Если очень долго падать, можно выбраться наверх - Фаринья Ричард. Страница 50
Вновь заверещал телефон, и Янгблад зашикал на них с важным видом. Пока он говорил, Кристин кратко сообщила остальным:
— В штаб-квартире, похоже, разногласия насчет того, в какое время следует начинать акцию. Нам нужно утреннее затишье, когда в «Копье» пьют кофе, но неясна статистика — число студентов, свободных между десятью и двенадцатью часами.
— Я бы сказал, одиннадцатью, — вставил Эгню.
— Всех убить, — сообщил Розенблюм.
— Ты мне ответишь, малыш?
— Шшш! — скомандовал Янгблад, прислушиваясь к голосу в трубке.

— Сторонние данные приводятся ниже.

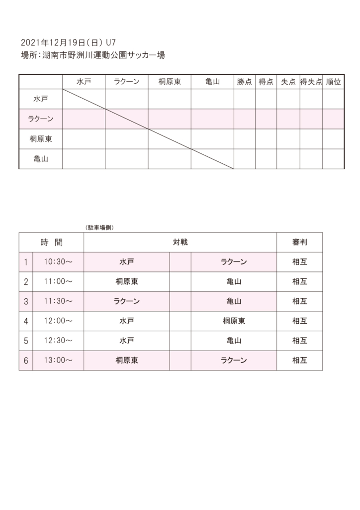 ※ラクーンTシャツを持ってない方はビブスを着て試合を行います。

— А преподы? — Ламперс, понизив голос.
— Многие, — продолжала Кристин, ткнув пальцем в исчерканные списки,
— согласились отпустить свои классы, если мы соберем народ на галерейном плацу. Главное — чтобы побольше шума.

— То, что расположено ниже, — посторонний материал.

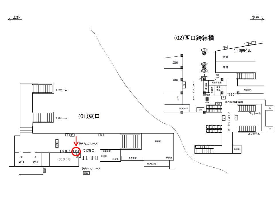 東口側の改札内に設置された電飾タイプの広告看板で、常磐線快速ホーム(3~6番線)から改札へ向かう際にこの看板があります。各駅停車ホームの階段とは反対側の通路となります。常磐線快速を使う方のみ駅看板「JR 取手駅 東口№33」がある通路を行き来します。
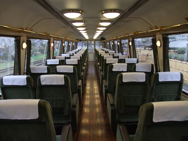 九州有数の観光地「湯布院」への観光列車として大人気のゆふいんの森号用の車両がキハ71系です。新製ではなく改造車ですが、種車の面影は全くありません。全車ハイデッキ構造なので側窓が高い位置に設けられているのが特徴です。流線型の先頭部デザインは外国の車両を想像させます。高い位置まで窓が設けられていて、前面展望も良好…と言いたいのですが詳しくは後述。

Одна из неофиток добавила:
— Господи, это так вдохновляет, поднимается весь факультет. Весь латентный антагонизм по отношению к администрации вдруг выходит наружу.
— И правда, — сказала другая, — невыраженные доселе мнения бурлят теперь у самой поверхности — в переносном, конечно, смысле.

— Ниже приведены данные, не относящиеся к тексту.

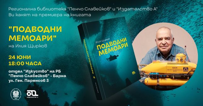 Днес, 24 юни, от 18.00 ч. Регионална библиотека „Пенчо Славейков“ ви кани на премиерата на книгата на инж. д-р Илия Щирков „Подводни мемоари“, която разказва за премеждията и триумфите на единствената родна изследователска мини-подводница.

Так и не получив ответа, Гноссос буркнул:
— Нахер, — и отправился в туалет. Он закрыл на задвижку дверь, достал с полки над унитазом «Анатомию меланхолии» и затянулся косяком. Для этого он скрутил в жгут первую страницу «Светила» со своим письмом и поджег ее спичкой. В делах людей бывают времена, проскочила мысль, когда прилив несет тебя туда, где можно потонуть к ебене маме.
Проходя мимо Кристин, он попытался испепелить прощальным взглядом ее гольфы, но она ничего не заметила. Наказать ее своим отсутствием. Тампаксная история, старик, хорошо бы прояснить: знание о тугой мембране — вот что у нас останется. Отметить страсть кровью — без этого никак, ближайший путь к распятию, искупление за тот запретный плод. Он выгнал из легочных кармашков двуокись углерода и втянул небольшую порцию чистой амброзии: «смесь 69» с остатками парегорического «Пэлл-Мэлла». Все натуральное, никакой подгонки. Он затягивался, удерживал ее в себе, пока не менялась температура и не начинало давить на виски. Затем, чтобы отгородиться от внешнего мира, вставил в уши затычки и около часа читал, не поднявшись даже, когда кто-то заколотил в дверь.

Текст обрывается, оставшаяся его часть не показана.